▸ Dataset content
_____
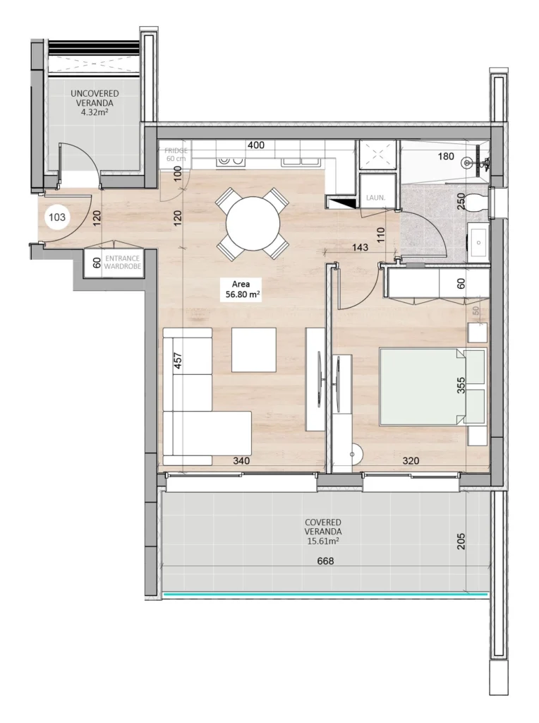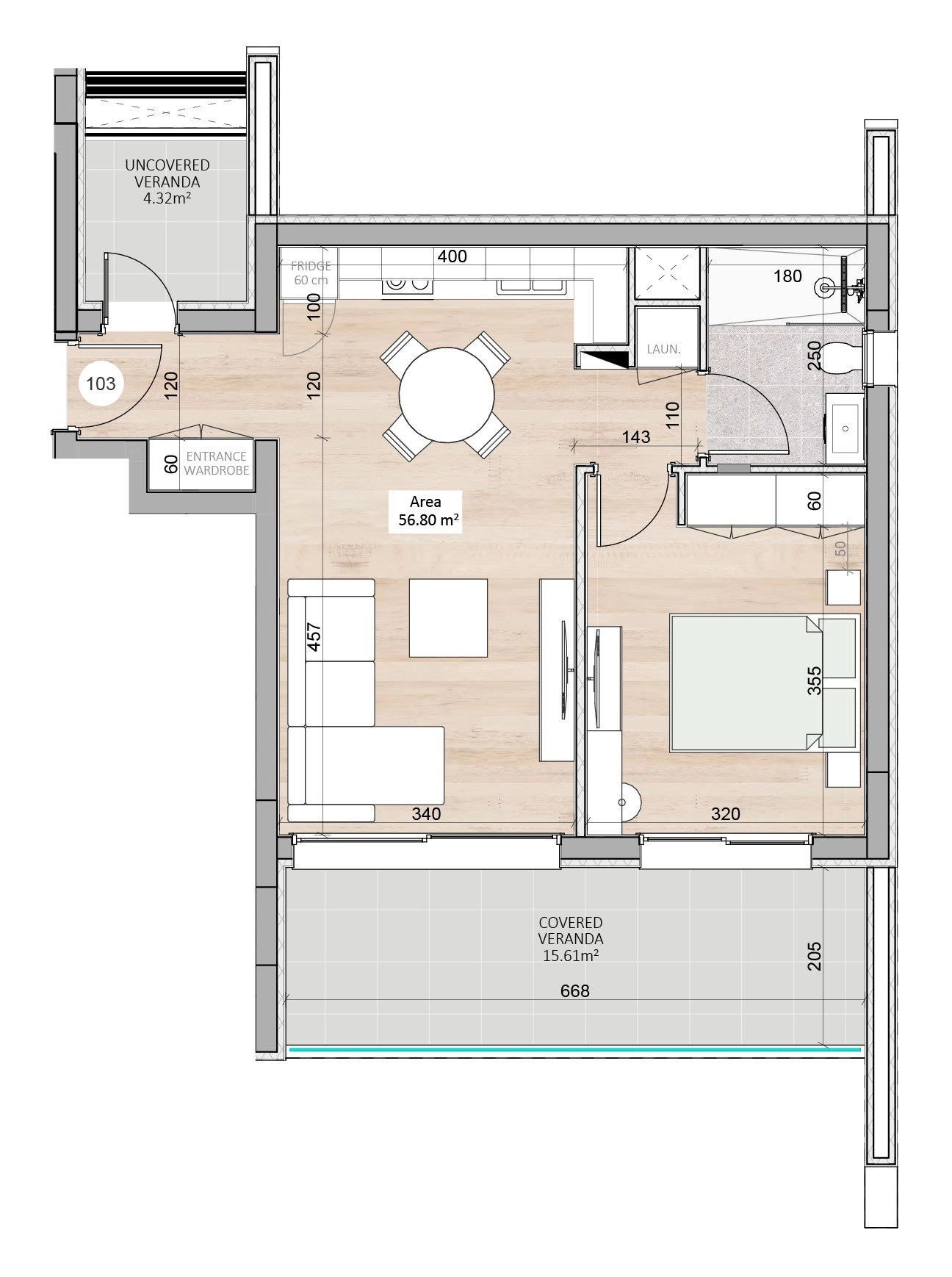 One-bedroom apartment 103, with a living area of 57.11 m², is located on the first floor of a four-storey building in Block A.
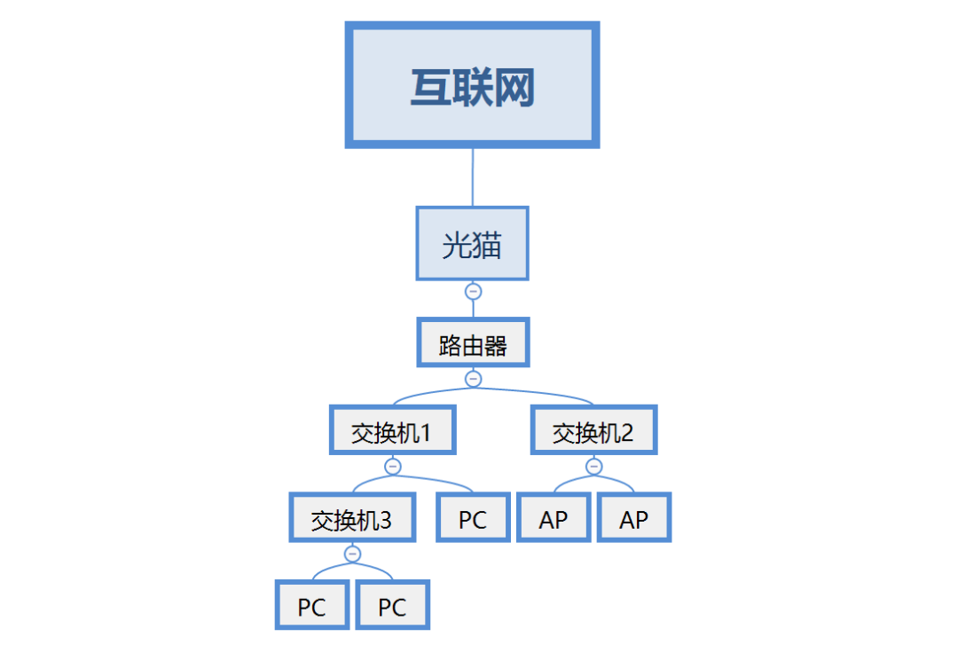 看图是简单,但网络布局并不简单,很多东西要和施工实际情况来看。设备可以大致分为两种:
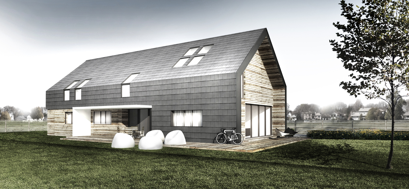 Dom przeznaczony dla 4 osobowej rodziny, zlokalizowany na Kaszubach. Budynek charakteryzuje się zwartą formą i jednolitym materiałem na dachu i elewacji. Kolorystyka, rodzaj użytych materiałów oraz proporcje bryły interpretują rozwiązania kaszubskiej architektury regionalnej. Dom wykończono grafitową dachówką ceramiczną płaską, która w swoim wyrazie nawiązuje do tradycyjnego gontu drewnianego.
_____
▸ Exercise objective
Through to the final line, copy the material above exactly and skip the images.

▸ Exercise response
 One-bedroom apartment 103, with a living area of 57.11 m², is located on the first floor of a four-storey building in Block A.
 看图是简单,但网络布局并不简单,很多东西要和施工实际情况来看。设备可以大致分为两种:
 Dom przeznaczony dla 4 osobowej rodziny, zlokalizowany na Kaszubach. Budynek charakteryzuje się zwartą formą i jednolitym materiałem na dachu i elewacji. Kolorystyka, rodzaj użytych materiałów oraz proporcje bryły interpretują rozwiązania kaszubskiej architektury regionalnej. Dom wykończono grafitową dachówką ceramiczną płaską, która w swoim wyrazie nawiązuje do tradycyjnego gontu drewnianego.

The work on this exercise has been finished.